> **DATA BLOCK**
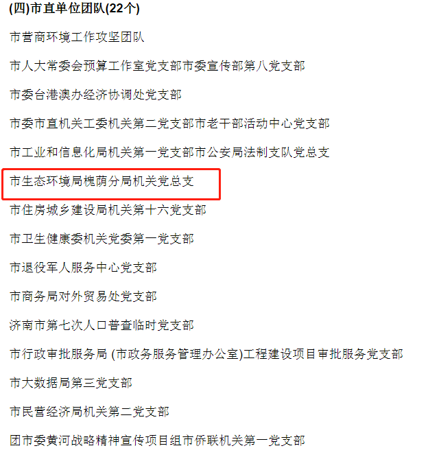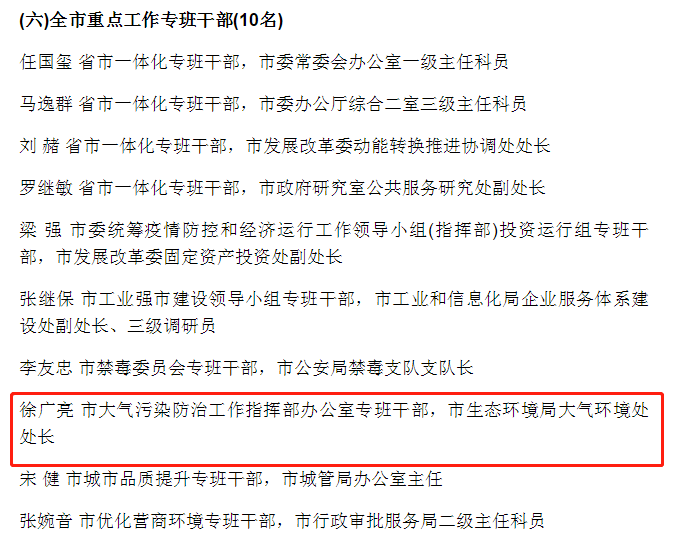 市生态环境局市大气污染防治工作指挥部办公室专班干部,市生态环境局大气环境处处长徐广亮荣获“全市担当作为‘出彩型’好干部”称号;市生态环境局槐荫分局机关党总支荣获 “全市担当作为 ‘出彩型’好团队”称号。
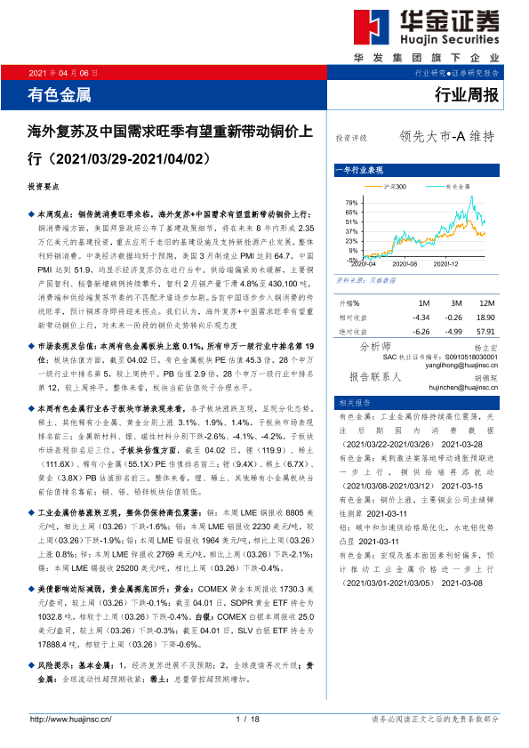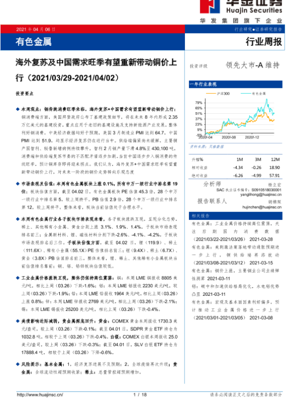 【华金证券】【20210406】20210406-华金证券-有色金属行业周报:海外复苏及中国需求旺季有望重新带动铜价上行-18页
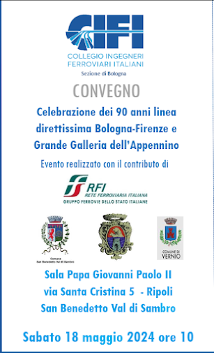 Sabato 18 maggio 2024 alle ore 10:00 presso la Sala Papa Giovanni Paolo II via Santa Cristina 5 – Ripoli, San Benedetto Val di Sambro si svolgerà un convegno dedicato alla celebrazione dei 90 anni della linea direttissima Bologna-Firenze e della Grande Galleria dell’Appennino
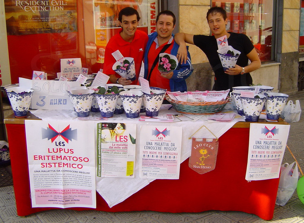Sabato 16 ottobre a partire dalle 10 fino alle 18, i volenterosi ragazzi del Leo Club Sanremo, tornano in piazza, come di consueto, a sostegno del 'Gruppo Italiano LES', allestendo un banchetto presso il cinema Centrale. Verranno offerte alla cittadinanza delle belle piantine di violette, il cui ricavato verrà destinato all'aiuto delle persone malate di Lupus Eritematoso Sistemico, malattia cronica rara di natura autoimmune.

> **TASK INSTRUCTIONS**
Pictures do not belong in the copy; repeat the rest of the listing exactly.

> **ANSWER FOR THE TASK**
 市生态环境局市大气污染防治工作指挥部办公室专班干部,市生态环境局大气环境处处长徐广亮荣获“全市担当作为‘出彩型’好干部”称号;市生态环境局槐荫分局机关党总支荣获 “全市担当作为 ‘出彩型’好团队”称号。
 【华金证券】【20210406】20210406-华金证券-有色金属行业周报:海外复苏及中国需求旺季有望重新带动铜价上行-18页
 Sabato 18 maggio 2024 alle ore 10:00 presso la Sala Papa Giovanni Paolo II via Santa Cristina 5 – Ripoli, San Benedetto Val di Sambro si svolgerà un convegno dedicato alla celebrazione dei 90 anni della linea direttissima Bologna-Firenze e della Grande Galleria dell’Appennino
Sabato 16 ottobre a partire dalle 10 fino alle 18, i volenterosi ragazzi del Leo Club Sanremo, tornano in piazza, come di consueto, a sostegno del 'Gruppo Italiano LES', allestendo un banchetto presso il cinema Centrale. Verranno offerte alla cittadinanza delle belle piantine di violette, il cui ricavato verrà destinato all'aiuto delle persone malate di Lupus Eritematoso Sistemico, malattia cronica rara di natura autoimmune.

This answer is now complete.